Figure 4Description of the SIGMA (A) Customizable toolbar with shortcut buttons, (B) Project/Analysis tree to track work within and between sessions, (C) Main display area using tab-based navigation, (D) Information console and (E) Genome features tracks. Here, a copy number change is displayed in the context of CpG islands (red), microRNAs (orange) and regions annotated in the database of genomic variants (blue).
Figure 5(A) Consensus calling using multiple algorithms. Multiple algorithms (and different parameters) can be selected to analyze a given array CGH sample and this can be defined for each array platform independently as each platform may have exhibit different noise and ratio response characteristics. (B) Heterogeneous array analysis using data from multiple array CGH platforms. Sample from the Agilent 244K, Affymetrix SNP 500K and whole genome BAC array were segmented to define areas of gain and loss. Subsequently, the results were aggregated into a frequency histogram plot showing the common areas of gain and loss across the three samples.
Figure 6Parallel visualization and analysis of the copy number and genotype profiles of the breast cancer cell line HCC2218. Genotype profile of the matching normal blood lymphoblast line (HCC2218BL) is also provided to define regions of LOH. DNA copy number profile was generated on the BCCA whole genome tiling path BAC array and genotype profiles are from the Affymetrix SNP 10K array [28]. This region of chromosome arm 3q has a defined segmental copy number loss and the boundary of the change is evident from the LOH profile. In the genotype profile, the horizontal blue lines indicate a SNP transition from heterozygous in normal to homozygous in the tumor, indicating LOH.

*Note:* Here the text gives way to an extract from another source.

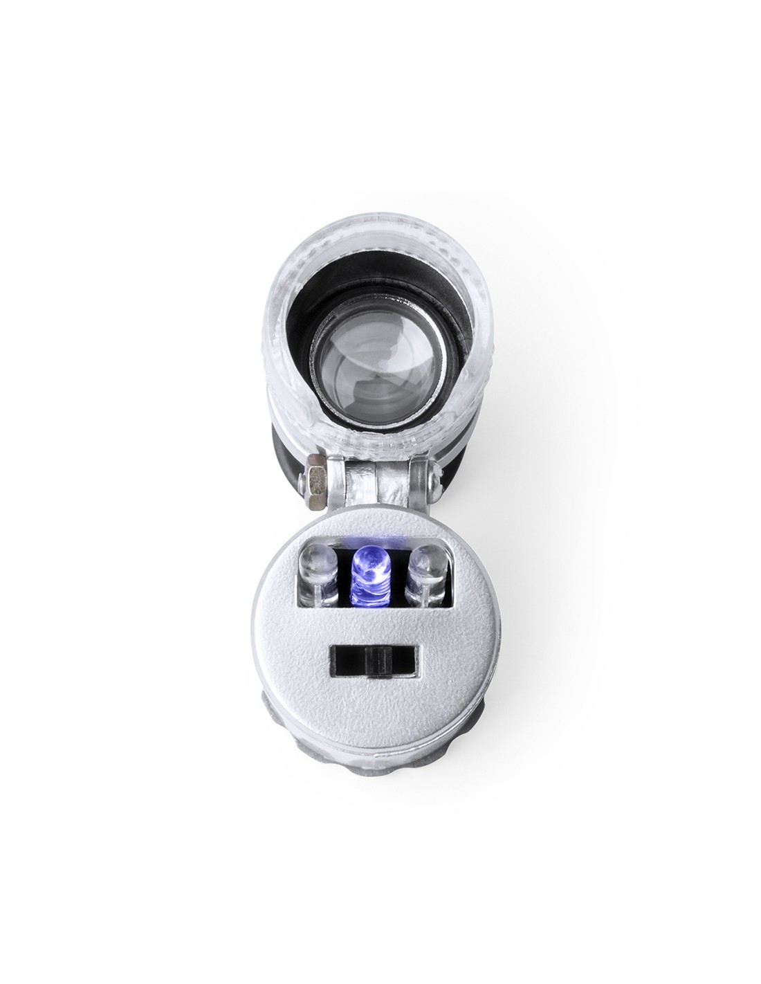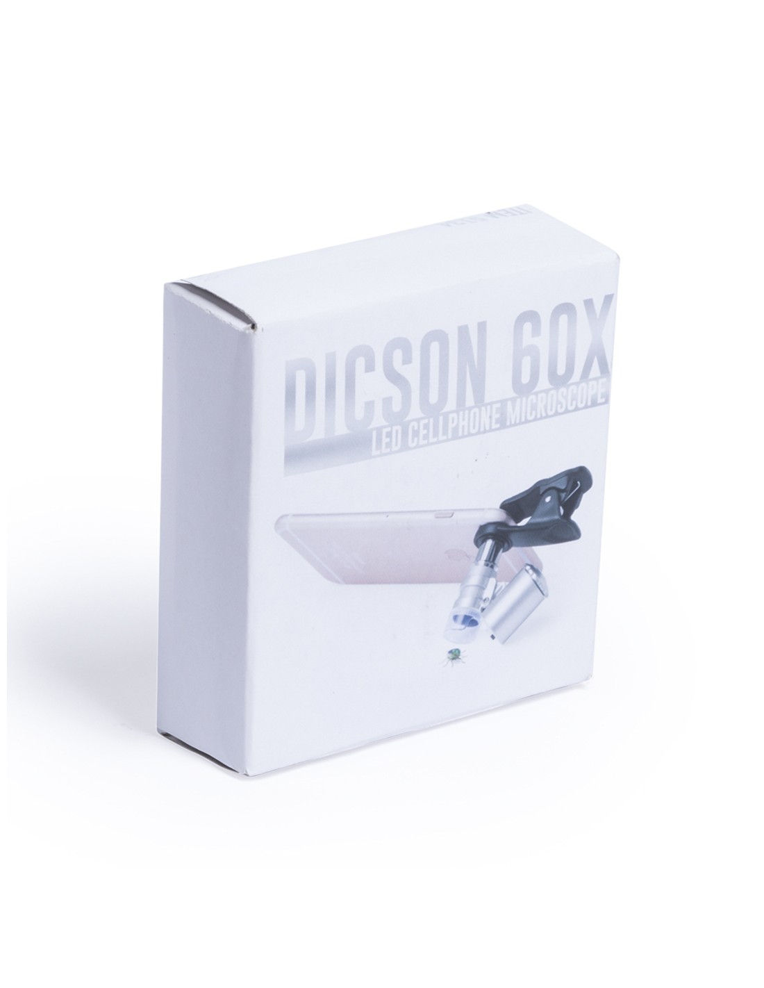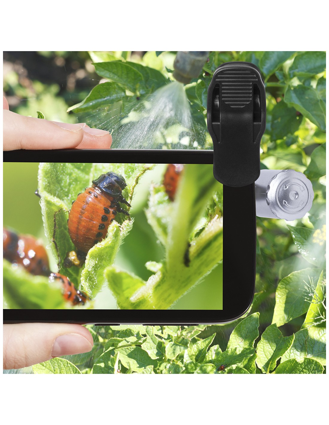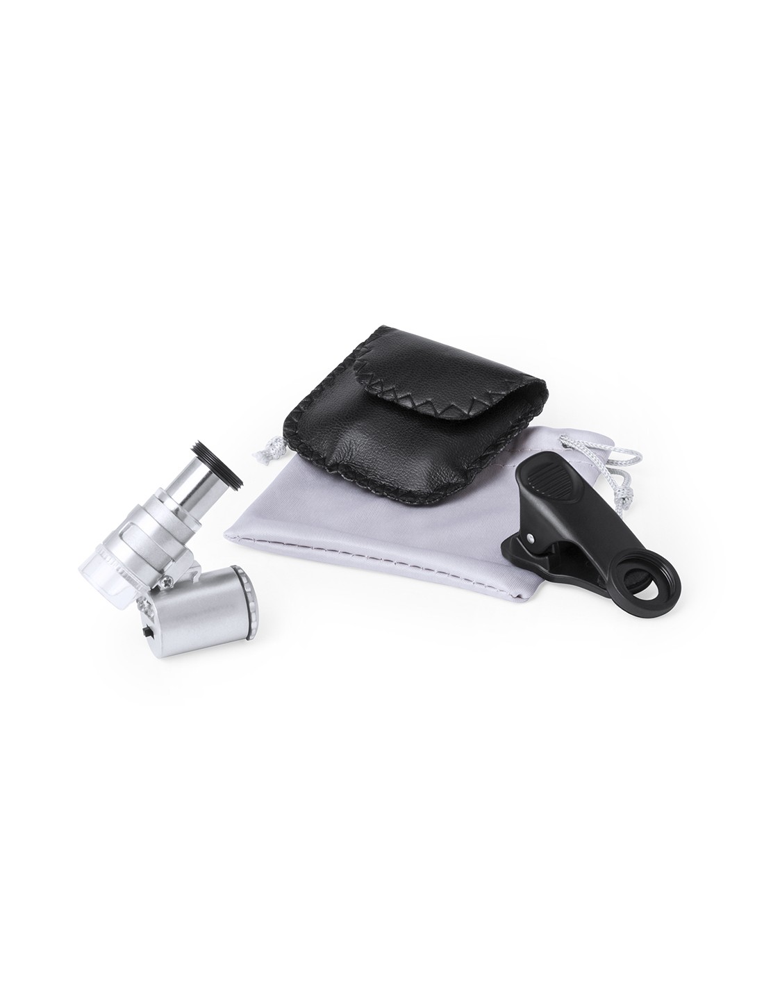 Microscopio para smartphone ajustable a la cámara mediante pinza. Con lentes de aumento de cristal de hasta 60x, 2 ledes y luz ultravioleta para una experiencia de aumento completa. Pilas de botón incluidas. Presentado en una elegante funda de polipiel y en bolsita de tela, todo ello dentro de una atractiva caja de presentación de diseño.

Figure 7A two-group two dimensional comparison of 37 NSCLC and 16 SCLC cancer cell lines. First, segmentation analysis is performed to delineate gains and losses in each sample. Next, a statistical comparison of the distribution of gains and losses between the two groups is done using the Fisher's exact test. (A) Using the interactive search, one of the regions of difference identified is on chromosome 7, with a NSCLC and SCLC sample aligned next to each other. The NSCLC has a clear segmental gain of that region, with the SCLC not having the gain. The right-most graph is a frequency plot summary of two sample sets (NSCLC and SCLC). NSCLC is color-coded in red while SCLC in green, and the overlap appears in yellow. The frequency of chromosome arm 7p gain is higher in the red group. (B) A heatmap is shown representing 15 NSCLC and 15 SCLC gene expression profiles, of the specific genes in the region highlighted in yellow. (C) When examining gene expression data of EGFR specifically, a gene in this region, we can see that the expression is drastically higher in NSCLC vs. SCLC, as predicted by the higher frequency of gain in NSCLC vs. SCLC of that region. Gene expression data are represented as log2 of the normalized intensities.
Figure 8Multi-dimensional perspective of chromosome 17 of the HCC2218 breast cancer cell line. Copy number, LOH, and DNA methylation, and profiling identifies an amplification of ERBB2 coinciding with allelic imbalance and loss of methylation. When examining the gene expression, the expression of HCC2218 is significantly higher than a panel of normal luminal and myoepithelial cell lines [29].